The story also unravels that Mrs. Wright, despite being a good singer, was never allowed to practice music after marriage just like most women were not allowed to practice their talents. The murder of the parrot here signifies the metaphor of her husband’s physical death as both are killed in the same way. Death here is symbolic as tying a rope around the neck signifies suffocation and inability to breathe freely, an experience which Mrs. Wright was going through in the presence of her husband.

‘The Story of An Hour’ by the American writer Kate Chopin talks about the central character Mrs. Mallard’s reaction and mental transformation on hearing the news of her husband’s death and the mix of emotions experienced by the frail woman. Widowhood does cause some sorrow but within minutes it brings forth a new opportunity and light to the journey of life. The transformation in thoughts and a feeling of some kind of freedom gradually replaces the initial feeling of loss. The author intends to cast an eye of critic at the very institution of marriage, which is supposed to be a bond of love to be shared between two people and uses some remarkable symbolism to achieve this end.

Society normally expects a wife to shed tears and feel thoroughly depressed at the death news and to some extent her life also must meet their expectation. However the open window, the comfortable chair, ‘delicious breath of rain’ and the tops of the trees that were ‘all aquiver with the new spring life’, all indicate an underlying feeling of regeneration or rebirth and a mind which is open to the change and the new life that will belong solely to her. The open window through which she stares at the sky represents a glance at life through the eye of freedom. Mrs. Mallard was ‘young, with a fair, calm face, whose lines bespoke repression and even a certain strength’; this description has been used as a tool to highlight the change that was taking place within.

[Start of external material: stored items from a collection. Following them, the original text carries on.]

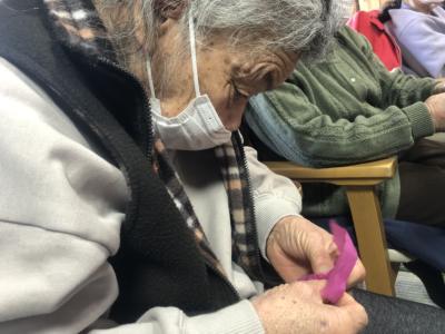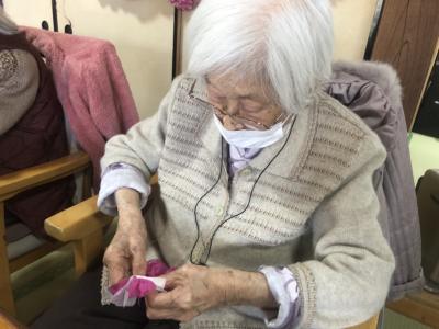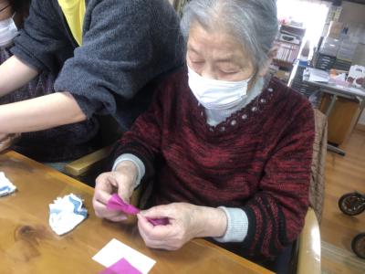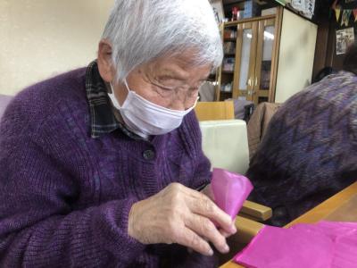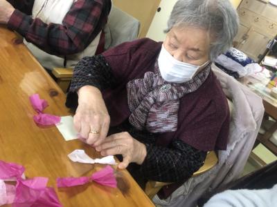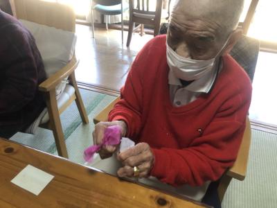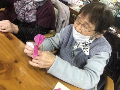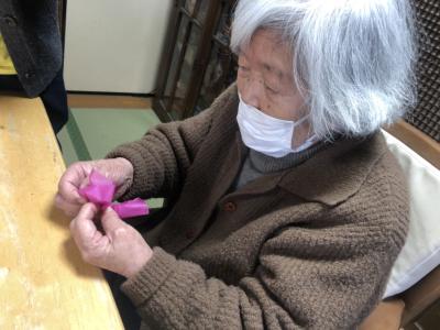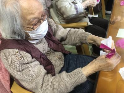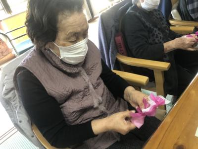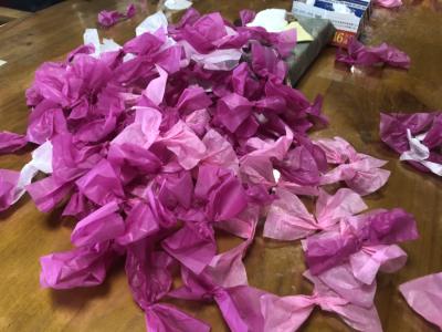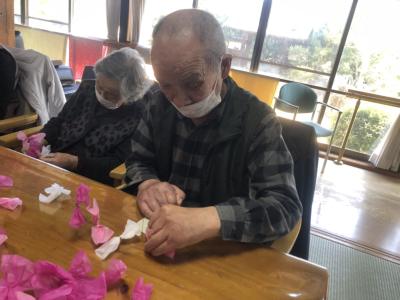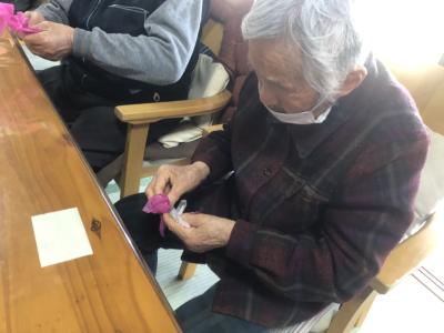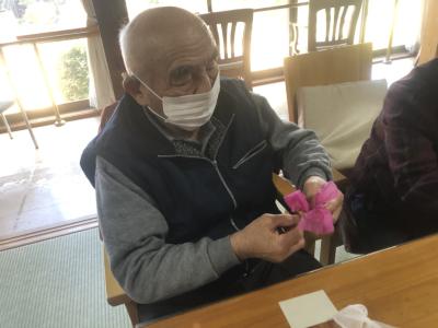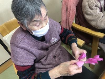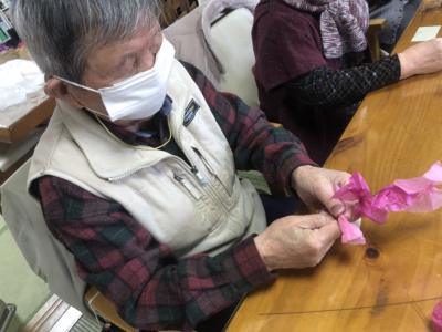 お花紙の真ん中をクルっと捻じるとお花の完成です🌸
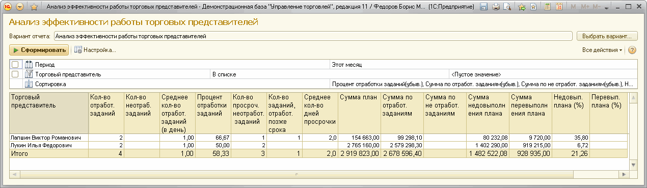 Анализ деятельности торговых представителей производится с помощью различных отчетов: можно сравнить деятельность торговых представителей с точки зрения эффективности их работы, а также провести план-фактный анализ деятельности торговых представителей.
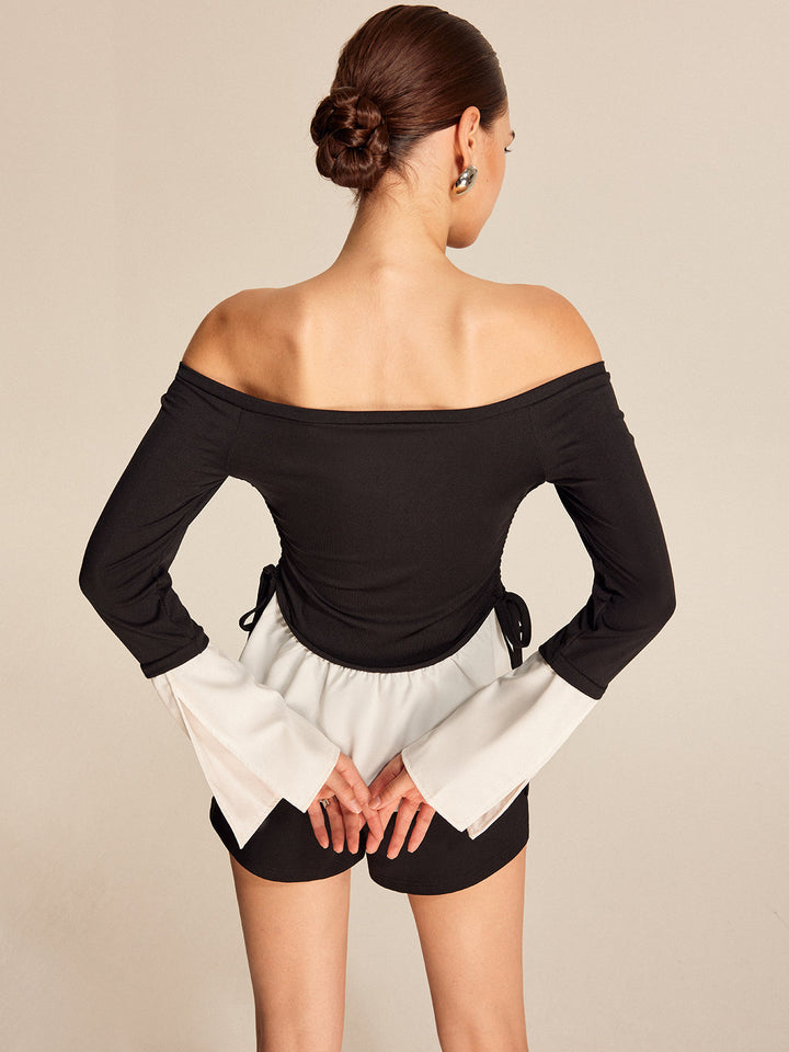 Bold Contrast Off-Shoulder Straight Neck Blouse
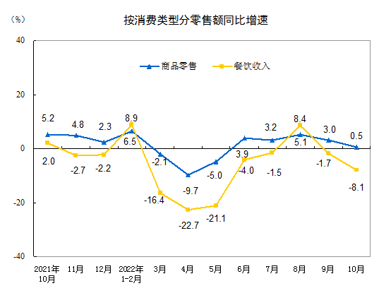 按消费类型分,10月份,商品零售36171亿元,同比增长0.5%;餐饮收入4099亿元,下降8.1%。1-10月份,商品零售325227亿元,同比增长1.2%;餐饮收入35348亿元,下降5%。
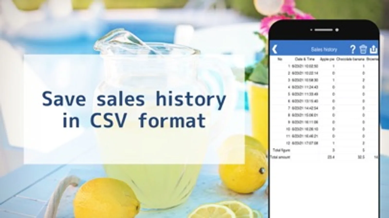 Sales history can be conveniently exported as a CSV file by day.
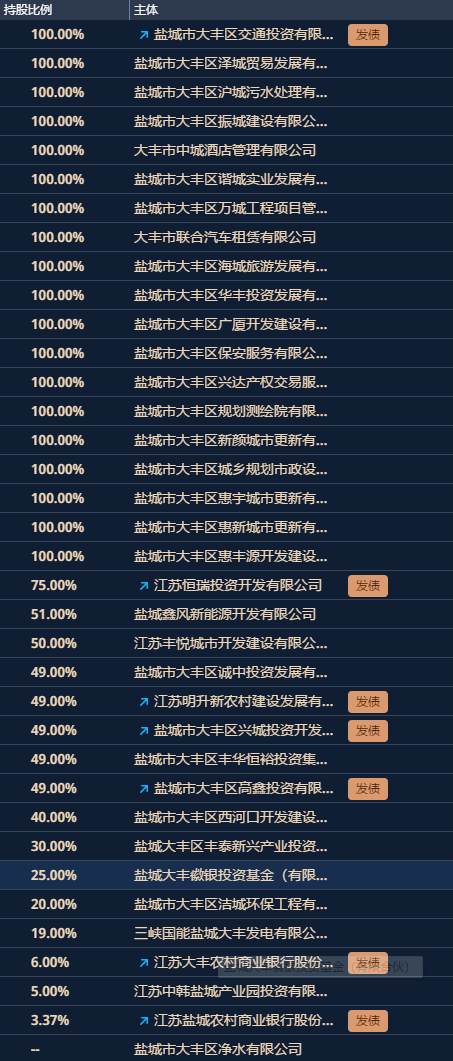 大丰城建的股东为:盐城市大丰区人民政府,为100%控股,也是其实控人。
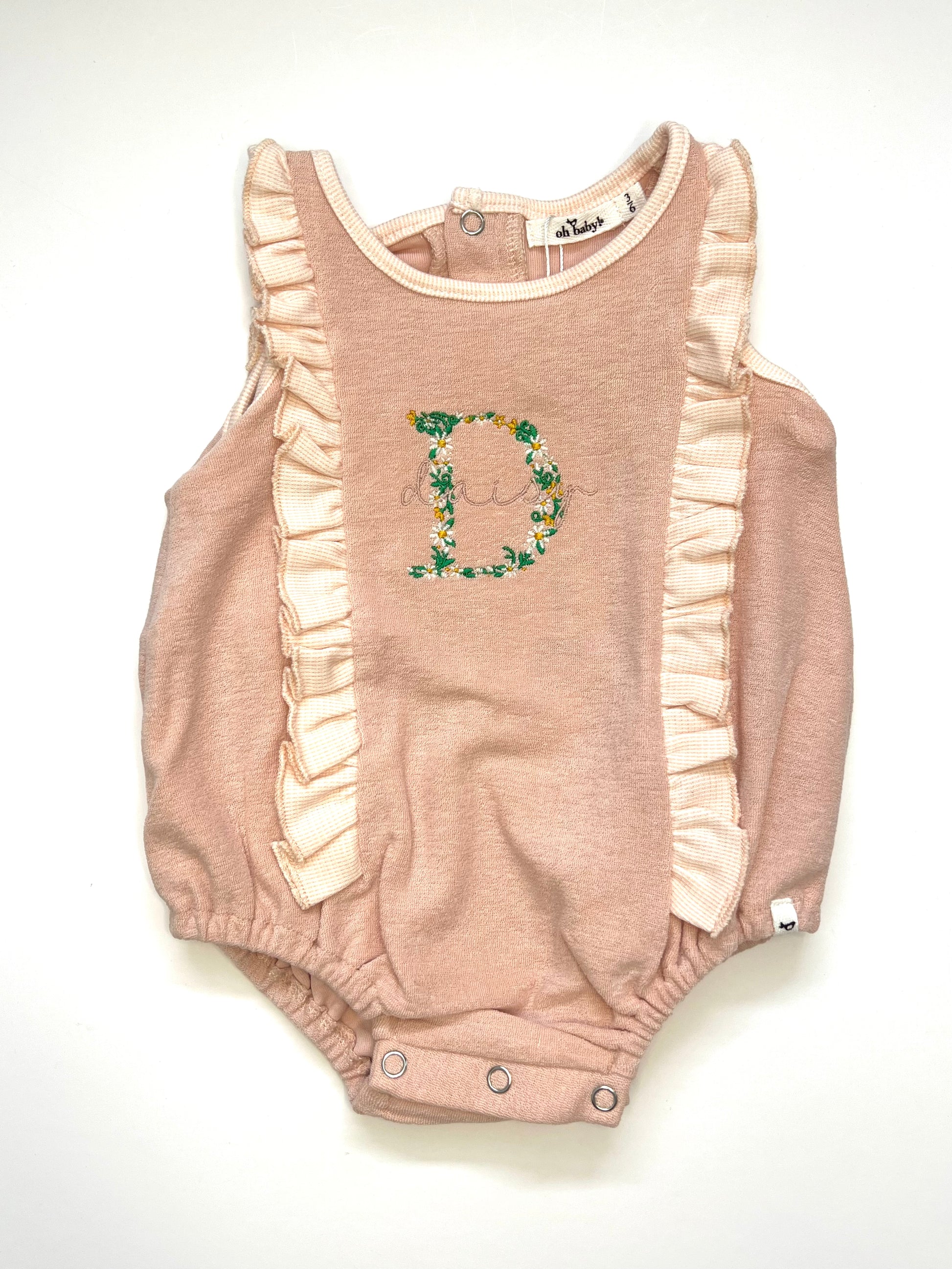 Babies in bubbles are EVERYTHING. Top this one off with a cherry with it's cool and soft terry cotton and ruffle features. Add a cute monogram to the center or her name along the collar. It is sure to be a workhorse in your daughter's wardrobe!
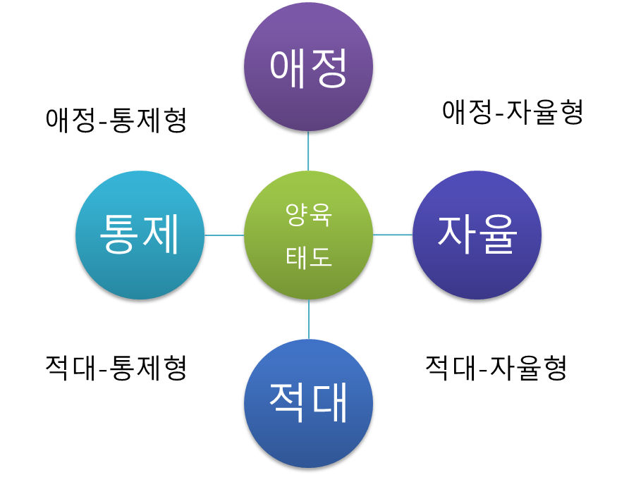 부모의 양육태도를 결정하는 여러 요소에 대해 앞선 포스팅에서 살펴보았다면, 이번 포스팅에서는 양육태도에는 어떤 유형이 있는지 살펴보고자 한다. 양육태도의 유형은 애정, 자율, 적대, 통제 이 네 가지를 통해 살펴볼 수 있다.
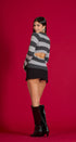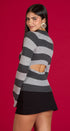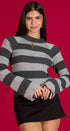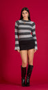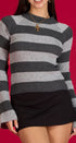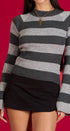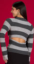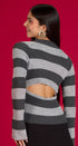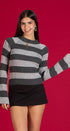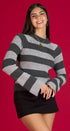 Top, suéter de rayas negro, con gris, acorde las caderas, cuello redondo, con abertura en la parte de la espalda baja, manga con campana, tela de knit estrés, ideal para los días de frío y moderno y casual
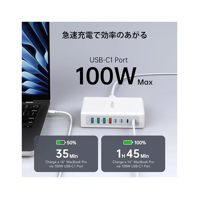 ⚡【必要な唯一の充電器】わずか1時間48分で、お使いのMacBook Pro 13インを100%まで充電できます。4 x USB C PD 3.0ポート(C1 /C2 単独利用で最大 100W/45W)、4x USB A ポート(最大15W) 充電器の数を少なくして、オフィスや自宅のデク周りはシンプルにすっきりとさせます。
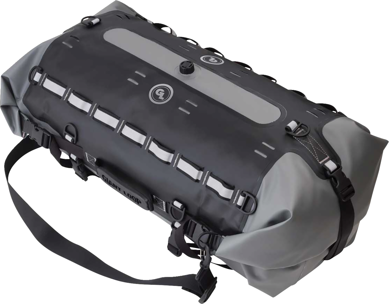 Expedition-sized, roll-top dry bag with an integrated anchor strap system ideal for an array of vehicle-based adventuresFeatures 48 liters of waterproof storage and seamlessly integrates with Giant Loop Saddlebags and PanniersOpenings on both ends mean quick and easy access without having to unstrap from saddlebags, panniers, or remove from a rackA handy air purge valve allows compact compression of gear and bag when packingTwo included carry straps convert into a backpack for easy transportRugged Bomb Shell coated fabric construction with 100% waterproof radio-frequency (RF) welded seamsIntegrated anchor strap system secures dry bag with four girth-hitch webbing straps and heavy-duty side release bucklesLoaded with gear and ends rolled three times for waterproof seal: 26" Length x 13" Wide x 37", Circumference (66 cm L x 33 cm W x 94cm C)
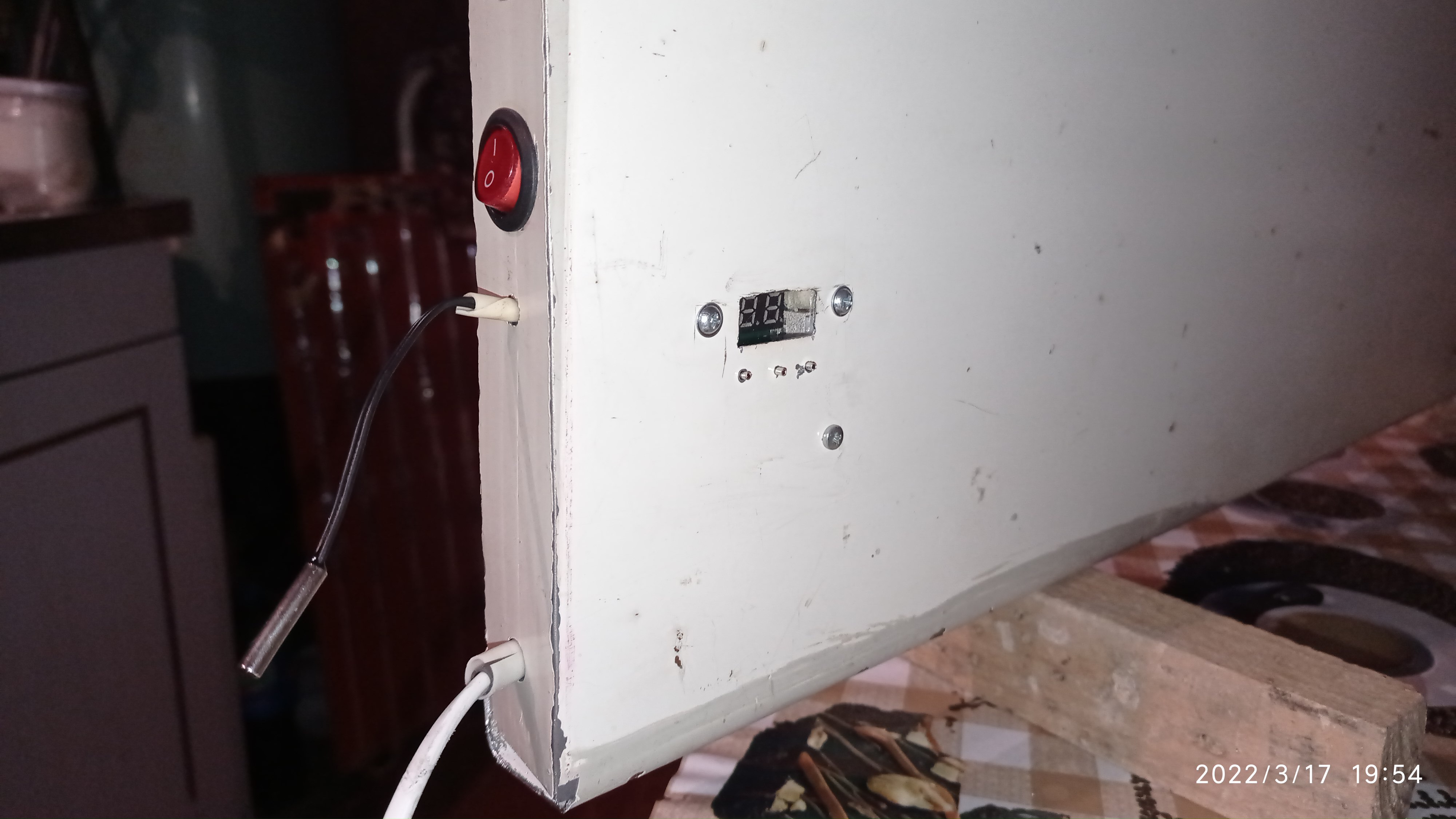 Оставил на ночь с 9 вечера. И вот утром в 5-30 разбудила сирена. Пошёл проверять. И удивился! На батаоее те же 8.5 градусов, а термометр выше показует 6.5 и влагу 99%. Тсююю. Шо-оно за 9 часов не смогло нагреть кубик 3*3*3. . . Странно. Ну предположим ему время нужно. Посмотрим. . .
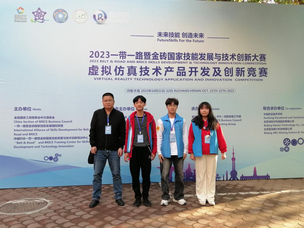 10月21日-22日,2023年一带一路暨金砖国家技能发展与技术创新大赛之首届虚拟仿真技术产品开发及创新赛项总决赛在河南省许昌职业技术学院举行。我校数字媒体技术专业刘俊霖、陈楚涛、何利利三位同学组成的BTY.COM参赛队参与了赛项总决赛。
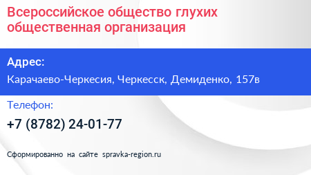 Всероссийское общество глухих, общественная организация по адресу Карачаево-Черкесия, Черкесск, Демиденко, 157в в дальнейшем Организация, размещена в следующих категориях:
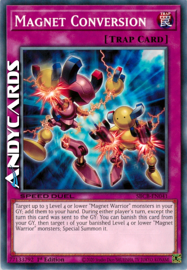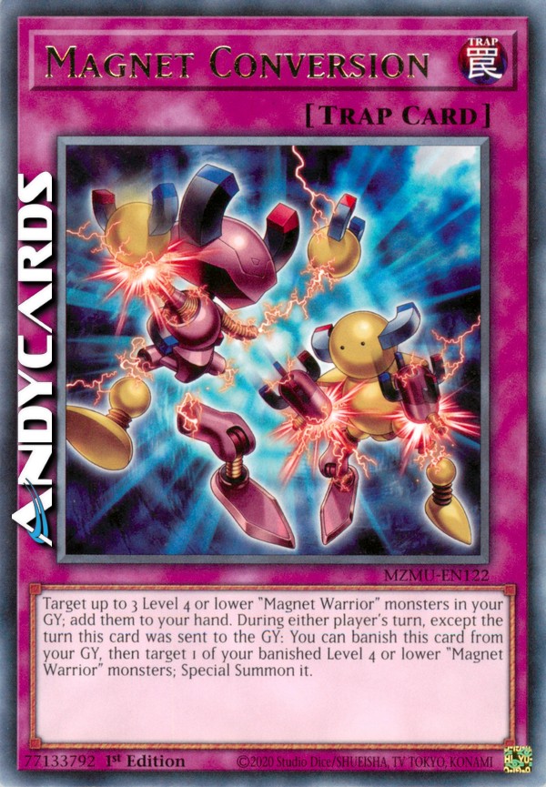 Scegli come bersaglio fino a 3 mostri "Guerriero Magnetico" di Livello 4 o inferiore nel tuo Cimitero; aggiungili alla tua mano. Durante il turno di qualsiasi giocatore, eccetto nel turno in cui questa carta è stata mandata al Cimitero: puoi bandire questa carta dal tuo Cimitero, poi scegliere come bersaglio 1 dei tuoi mostri "Guerriero Magnetico" di Livello 4 o inferiore banditi; Evocalo Specialmente.
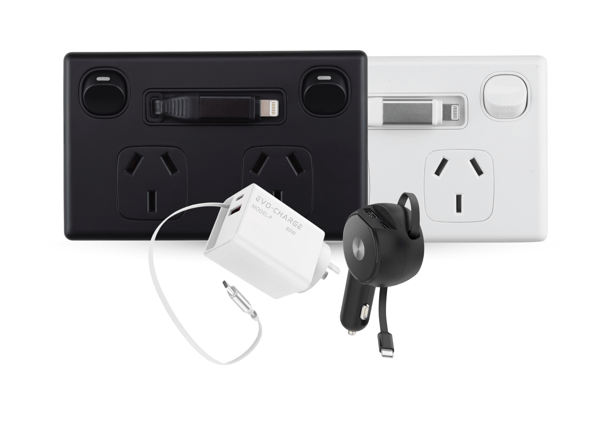 This Bundle includes x2 Evo-charge model 1 powerpoints (colour of your choice), plus a free Evo-charge Model-P charging block & a free Evo-charge Model-C1 car charger.
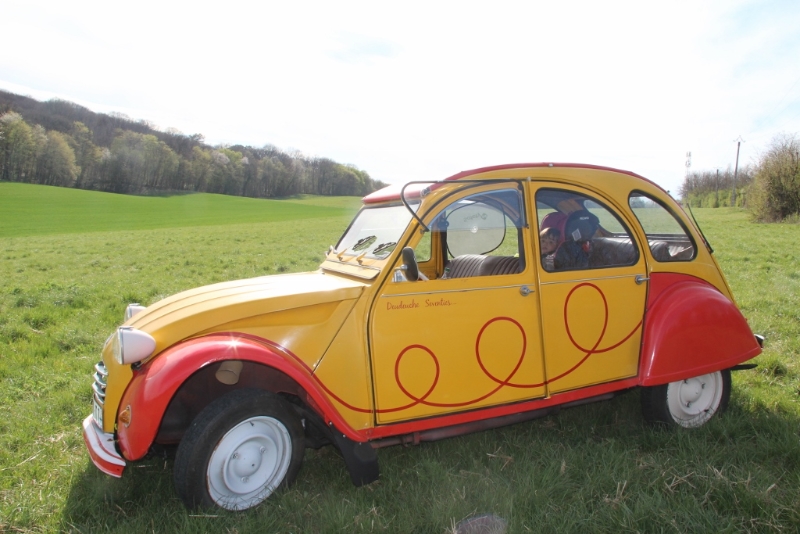 J'aime beaucoup celle -ci, elle rappelle les années 50 et 60, pic-nic et joie de vivre ...D'ailleurs cette 2cv est des années 50
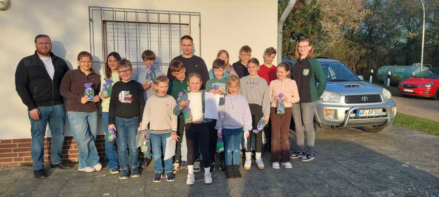 Am Mittwoch den 08.04.2026 fand das diesjährige Osterpreisschießen der Jugend im Schützenheim statt. Am Ende konnte sich jeder Jugendliche über eine Ostertüte freuen. Auf dem Bild sehen sie die Jugendliche und links Rene Reiners und rechts Lena Reiners die sich wie immer um die Jugend gekümmert haben. Herzlichen Glückwunsch dazu vom Vorstand.

She was gaining her strength from the expectation of a new life approaching her. These new oncoming years have been portrayed like “creeping out of the sky, reaching toward her through the sounds, the scents, the color that filled the air”. (Chopin) Again, there are sexual overtones in the story that cannot be overlooked. The initial ‘storm of grief’ is almost indicative of a sexual urge or release, which goes hand in hand with the term ‘wild abandonment’. The quivering of the trees is analogous with the thighs that aquiver with sexual anticipation. As Mrs. Mallard sank into the ‘comfortable roomy armchair’, a feeling of ‘physical exhaustion that haunted her body and seemed to reach into her soul’ (Chopin) pressed her down.

Now this kind of exhaustion could be compared to the same exhaustion faced by a person after sexual pleasure or orgasm. The term ‘haunted’ signifies that she was craving for it from within and therefore this freedom meant physical or sexual freedom as well. The upheaval of her bosom after she sat silent for some time in her chair shows the sudden gasp that is also a release of sexual desires after meeting satisfaction. (Chopin). It is not really the weakness of hands but the weakness of her lustful mind, which betrays morality and generates desires to possess the extreme form of sexual joy.

Therefore the author seems to suggest that it is not just the social and economic freedom of a woman that is curbed but also the sexual stifling cannot be avoided. The ending reveals that Mr. Mallard is actually alive but Mrs. Mallard dies of grief and shock realizing that her brief period of joy has not lasted while the doctor certifies that she dies of joy and maintains the convention of womanhood. The last death is real but offcourse has a lot to reveal that mere physical death. The story “A Rose for Emily” by William Faulkner tells us of a particular case of obsession and possessiveness, which leads Emily, the center character of the play to kill Homer, the man she loves, as she fears he might leave her.